Reaping the rewards of a job well done!
Awesome !

Reactions: Like 1 | Thanks 1


----------



## Timwis (13/5/20)

I forgot i had even tested this RTA, here is my review but it's old before i started taking photos of the build progress, includes blurred pics and not so detailed as my reviews are now, looking at your build i don't think you really will learn anything extra but here it is anyway.

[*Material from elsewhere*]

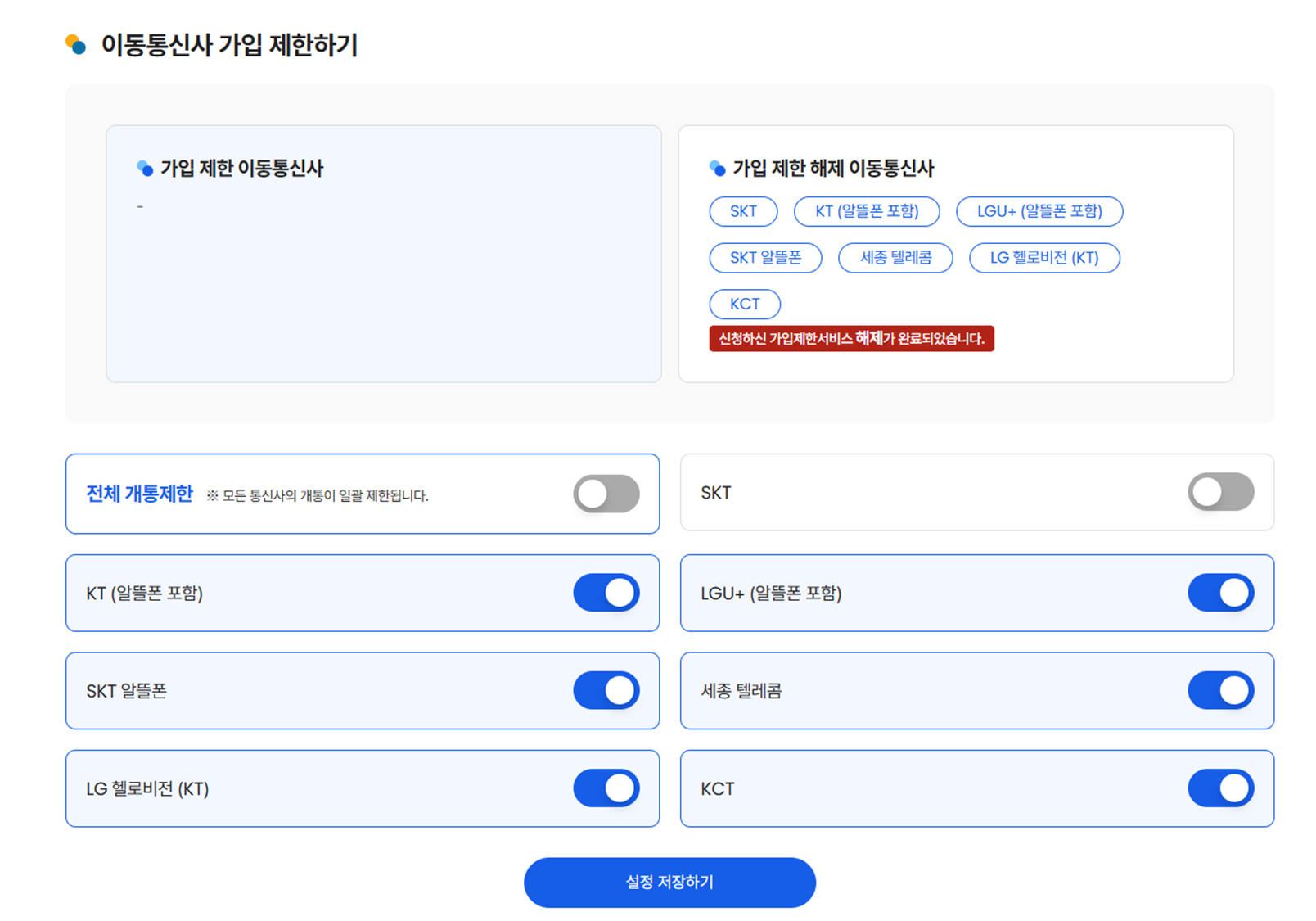 내 명의 가입 현황 확인이 했다면 다시 엠세이프 메인 화면으로 돌아와서 [가입 제한 서비스]를 클릭해 보세요. 요즘처럼 개인 정보 유출이 불안한 환경에서는 현재 사용 중인 서비스를 제외하고 모두 차단해 두는 것이 안전한데요. 이렇게 설정해 두면 혹시 누군가가 내 명의로 몰래 통신 서비스를 개통하려고 시도하더라도 사전에 차단할 수 있답니다.

https://www.ecigssa.co.za/geekvape-blitzen-rta.t48308/

Reactions: Thanks 1


----------



## Stranger (14/5/20)

Thanks Tim


----------



## ARYANTO (14/5/20)

BLITZEN on MECH

Reactions: Like 3


----------



## PartyDave (14/5/20)

Sorry, bit late to the party. 
My preferred build on the Blitzen
Regular dual core 3.0mm claptons at around 0.18 ohm as high as they can go without touching the chamber. Space them inwards, 2ish mm from each other. Wick fairly light, airflow halfway closed down

Reactions: Agree 1 | Thanks 1


----------



## Stranger (15/5/20)

2 days in and I have not put this down yet. My wicking must be getting better as I have had no dry hits, I get bubbles and no leaking and as the coils and cotton has bedded in the flavour is really good. Settled on 27.5 w on the Pico as this does not have the ramp up function that the Puma has. Also settled on the 510 drip tip. Only con so far is that the honeycomb sits just above the battery top of the Pico dual and leaves a bit of condensation there.
Biggest pro is that I got new batteries for b-day and they are lasting a full day.
The Blotto is just over half a day for a similar vape so I think this has worked out well for me.

Reactions: Winner 2 | Informative 1


----------



## LeislB (14/7/20)

Where did you find this tank @Stranger?


----------



## Stranger (14/7/20)

Vapeshop

but looks like they are sold out.

Reactions: Like 1


----------



## CJB85 (14/7/20)

LeislB said:


> Where did you find this tank @Stranger?


Hahaha, are you shopping for one more tank?


----------



## PartyDave (14/7/20)

LeislB said:


> Where did you find this tank @Stranger?


Not sure if SAPO is okay now, but if you want you can have mine. not using it anymore

Reactions: Winner 3


----------



## LeislB (14/7/20)

PartyDave said:


> Not sure if SAPO is okay now, but if you want you can have mine. not using it anymore


Wow! I sent you a PM!


----------



## LeislB (14/7/20)

CJB85 said:


> Hahaha, are you shopping for one more tank?


No judgment Johan! Lol


----------



## Stranger (15/7/20)

PartyDave said:


> Not sure if SAPO is okay now, but if you want you can have mine. not using it anymore



You say not using anymore. I like to hear why some people do not like to use their kit. Care to share please


----------



## PartyDave (16/7/20)

Stranger said:


> You say not using anymore. I like to hear why some people do not like to use their kit. Care to share please


I do like it, I just have tanks in my rotation I like more. Taifun GT4 for example Tripod. They fit my style of vaping better

Reactions: Like 2 | Winner 1


----------



## Kadaboy (13/2/21)

Hi guys any of you want to let go of your blitzen? I'm looking for one can do cash or even swop for a blotto mini


----------